Koalition gegen Antisemitismus in Halle (Saale) gestartet

In Halle (Saale) gibt es jetzt eine „Koalition gegen Antisemitismus“. Diese soll auf lokaler Ebene dazu beitragen, Antisemitismus zu erkennen und gemeinsam gegen diesen handlungsfähig zu werden. Geplant sind zum Beispiel Plakatkampagnen, Infostände und kreative Formate.

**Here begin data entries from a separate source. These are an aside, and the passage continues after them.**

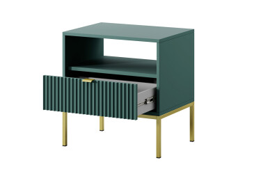 - super-cena, MDF, matná, zlatý / zelený, volně stojící, kuličková vedení plného výsuvu, s police a zásuvky, dřevotříska, skandinávský styl.
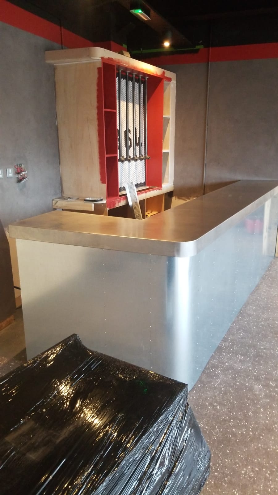 We pride ourselves on the bar tops finished look, and key to this primarily is the flatness of the top, which we believe is best achieved in the workshop where the top can be bonded properly, and clamped to the timber substrate, and where welded joints can be polished out to a very high standard to achieve that seamless appearance.
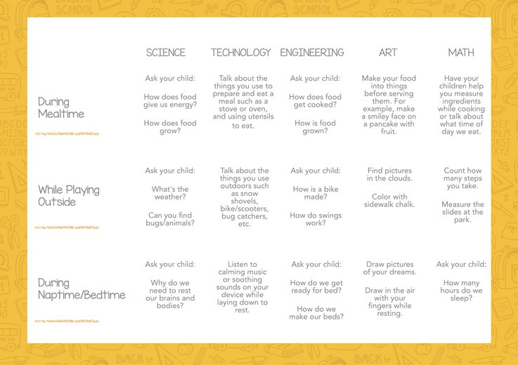 When the acronym is broken down into its parts, you will probably notice that you are already incorporating STEAM into your child’s learning; however, below are some ideas on how you can intentionally incorporate STEAM in your day-to-day activities.
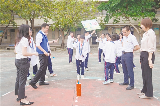 “这道反诈题我会答”“投壶中了,加2分”……活动首站走进月山中学大岗校区,现场没有枯燥的PPT宣讲,取而代之的是投壶竞技、趣味知识问答、假币识别实操等互动游戏。学生们以小组为单位踊跃“闯关”,通过参与游戏积攒积分,欢笑声、喝彩声此起彼伏。
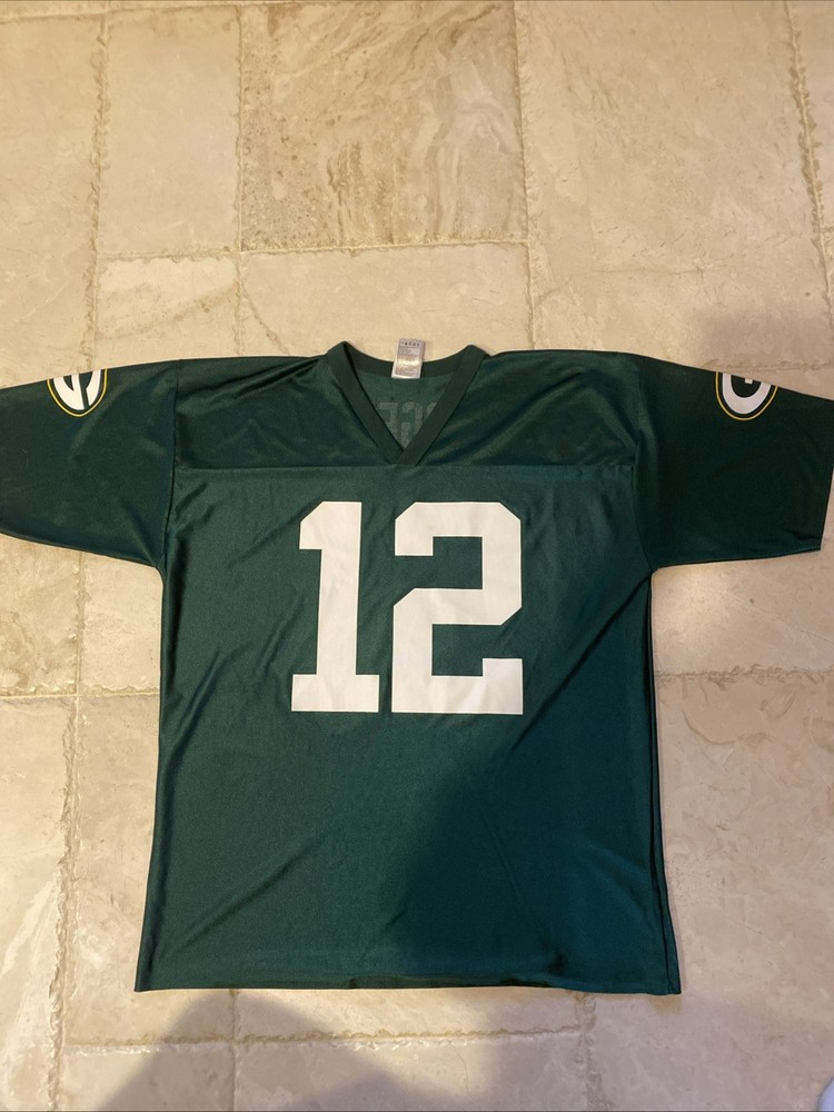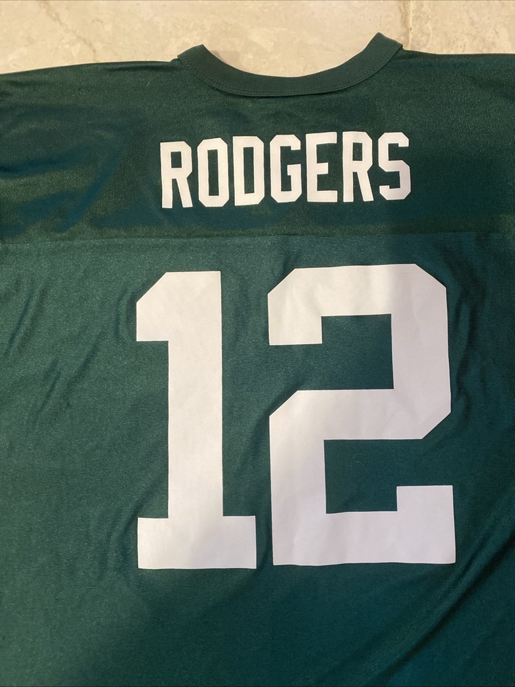 Aaron Rodgers XL Jersey - Green - Green Bay Packers NFL Team Apparel Used Look at Images and ask questions. Little snags throughout. Stain on numbers.
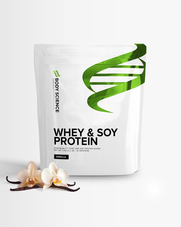 Whey & Soy Protein är en balanserad proteinblandning som passar dig som vill optimera muskeluppbyggnaden och samtidigt få ett prisvärt tillskott. Kombinationen av snabbt vassleprotein och vegetabiliskt sojaprotein ger en bred aminosyraprofil som understödjer både återhämtning och muskelreparation. Det gör produkten idealisk efter styrketräning, men även som ett proteinboostat mellanmål när som helst på dagen. Det här är proteinet för dig som vill ha både funktion och ekonomi i ett.

Zur Unterstützung nach dem Terroranschlag vom 9. Oktober 2019 haben sich Halle gegen Rechts – Bündnis für Zivilcourage die Regionalgruppe von Aktion Sühnezeichen Friedensdienste, Miteinander e.V. und der Studierendenrat der Universität Halle dafür erfolgreich einen Antrag bei der Stiftung “Erinnerung, Verantwortung und Zukunft” (EVZ) eingereicht. 

Das Projekt mit dem Namen “Koalition gegen Antisemitismus in Halle” soll auf lokaler Ebene dazu beitragen, Antisemitismus zu erkennen und gemeinsam gegen diesen handlungsfähig zu werden. Die Mitglieder der Koalition verpflichten sich dazu, in ihrer eigenen Organisation eine interne Bildungsveranstaltung durchzuführen und sich an mindestens einer gemeinsamen Aktion in der Stadt zu beteiligen. Für diese Aktionen hat die Koalition drei Schwerpunkte: Das Festjahr 2021 jüdisches Leben in Deutschland, den Jahrestag des Anschlags vom 9. Oktober 2019 und Aktionen im öffentlichen Raum gegen Antisemitismus (wie Plakatkampagnen, Infostände, kreative Formate). 

“Wir haben gesehen, dass sich nach dem Anschlag 2019 viele in Halle gegen Antisemitismus engagieren wollten, uns aber auch oft gesagt haben, dass sie gar nicht genug über Antisemitismus wissen”, so Valentin Hacken, Sprecher von Halle gegen Rechts. Daher verfolgt das Projekt den Ansatz, dass alle Mitglieder der Koalition zunächst interne Bildungsveranstaltungen organisieren, um sich danach gemeinsam zu engagieren. Dabei werden sie durch eine hauptamtliche Projektkoordination beraten und unterstützt.

“Die Koalition ist ein Arbeitszusammenhang, um gemeinsam mehr über Antisemitismus zu wissen und dadurch wirksamer gegen Antisemitismus handeln zu können”, so die Projektkoordinatorin Katharina Hindelang. Zu den ersten Mitgliedern, die sich die Auseinandersetzung mit Antisemitismus für das Jahr 2021 vorgenommen haben, gehören unter anderen das Fanprojekt für (H)alle, die Franckeschen Stiftungen, Rock Your Life Halle e.V. und das Redore Gym. Organisationen die sich der Koalition anschließen wollen, können sich bei der Projektkoordination melden. 

Fachlich begleitet wird das Projekt u.a. durch die Recherche- und Informationsstelle Antisemitismus (RIAS) Sachsen-Anhalt. Gefördert und ermöglicht wird das Projekt durch die Stiftung “Erinnerung, Verantwortung und Zukunft” (EVZ) mit mehr als 20.000 Euro. Begonnen hat es mit den ersten Vorbereitungen und Treffen im Januar, die Förderung läuft bis Ende des Jahres. Halle gegen Rechts hofft auf eine Verlängerung der Förderung. Derzeit beginnen die ersten internen Bildungsveranstaltungen der Mitglieder der Koalition.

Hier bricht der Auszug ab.